Hi,
在 2024/02/20 23:30, Xiao Ni 写道:
MD_RECOVERY_WAIT is used by dmraid to delay reshape process by patch
commit 644e2537fdc7 ("dm raid: fix stripe adding reshape deadlock").
Before patch commit f52f5c71f3d4b ("md: fix stopping sync thread")
dmraid stopped sync thread directy by calling md_reap_sync_thread.
After this patch dmraid stops sync thread asynchronously as md does.
This is right. Now the dmraid stop process is like this:
1. raid_postsuspend->md_stop_writes->__md_stop_writes->stop_sync_thread.
stop_sync_thread sets MD_RECOVERY_INTR and wait until MD_RECOVERY_RUNNING
is cleared
2. md_do_sync finds MD_RECOVERY_WAIT is set and return. (This is the
root cause for this deadlock. We hope md_do_sync can set MD_RECOVERY_DONE)

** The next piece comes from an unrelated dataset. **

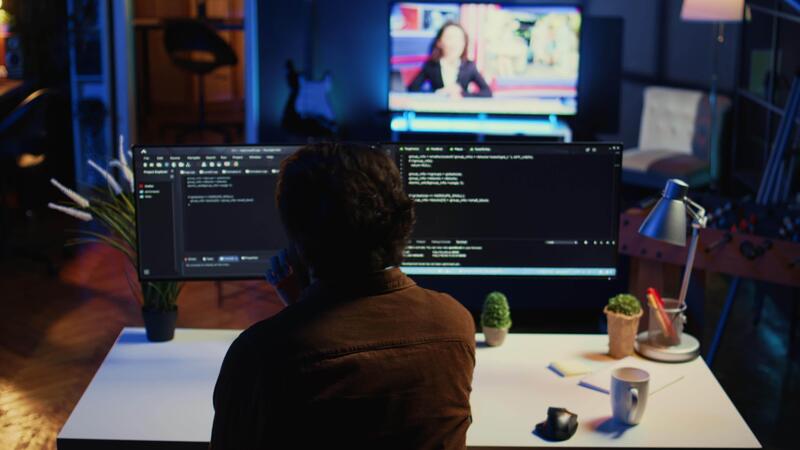 Man doing IT support job from apartment personal office drinking cup of coffee while coding. Software developer enjoying hot beverage and writing lines of code on computer, camera B Pro Video

3. md thread calls md_check_recovery (This is the place to reap sync
thread. Because MD_RECOVERY_DONE is not set. md thread can't reap sync
thread)
4. raid_dtr stops/free struct mddev and release dmraid related resources
dmraid only sets MD_RECOVERY_WAIT but doesn't clear it. It needs to clear
this bit when stopping the dmraid before stopping sync thread.
But the deadlock still can happen sometimes even MD_RECOVERY_WAIT is
cleared before stopping sync thread. It's the reason stop_sync_thread only
wakes up task. If the task isn't running, it still needs to wake up sync
thread too.
This deadlock can be reproduced 100% by these commands:
modprobe brd rd_size=34816 rd_nr=5
while [ 1 ]; do
vgcreate test_vg /dev/ram*
lvcreate --type raid5 -L 16M -n test_lv test_vg
lvconvert -y --stripes 4 /dev/test_vg/test_lv
vgremove test_vg -ff
sleep 1
done
Fixes: 644e2537fdc7 ("dm raid: fix stripe adding reshape deadlock")
Fixes: f52f5c71f3d4 ("md: fix stopping sync thread")
Signed-off-by: Xiao Ni <xni@xxxxxxxxxx>
---
drivers/md/dm-raid.c | 2 ++
drivers/md/md.c | 1 +
2 files changed, 3 insertions(+)
diff --git a/drivers/md/dm-raid.c b/drivers/md/dm-raid.c
index eb009d6bb03a..325767c1140f 100644
--- a/drivers/md/dm-raid.c
+++ b/drivers/md/dm-raid.c
@@ -3796,6 +3796,8 @@ static void raid_postsuspend(struct dm_target *ti)
struct raid_set *rs = ti->private;
if (!test_and_set_bit(RT_FLAG_RS_SUSPENDED, &rs->runtime_flags)) {
+ if (test_bit(MD_RECOVERY_WAIT, &rs->md.recovery))
+ clear_bit(MD_RECOVERY_WAIT, &rs->md.recovery);
Notice that 'MD_RECOVERY_WAIT' will never be cleared, hence sync_thread
will never make progress until table reload for dm-raid.
And other than stopping dm-raid, raid_postsuspend() call also be called
by ioctl to suspend dm-raid, hence this change is wrong.
I think we can never clear 'MD_RECOVERY_FROZEN' in this case so that
'MD_RECOVERY_WAIT' can be removed, or use '!MD_RECOVERY_WAIT' as a
condition to register new sync_thread.
Thanks,
Kuai
/* Writes have to be stopped before suspending to avoid deadlocks. */
if (!test_bit(MD_RECOVERY_FROZEN, &rs->md.recovery))
md_stop_writes(&rs->md);
diff --git a/drivers/md/md.c b/drivers/md/md.c
index 2266358d8074..54790261254d 100644
--- a/drivers/md/md.c
+++ b/drivers/md/md.c
@@ -4904,6 +4904,7 @@ static void stop_sync_thread(struct mddev *mddev, bool locked, bool check_seq)
* never happen
*/
md_wakeup_thread_directly(mddev->sync_thread);
+ md_wakeup_thread(mddev->sync_thread);
if (work_pending(&mddev->sync_work))
flush_work(&mddev->sync_work);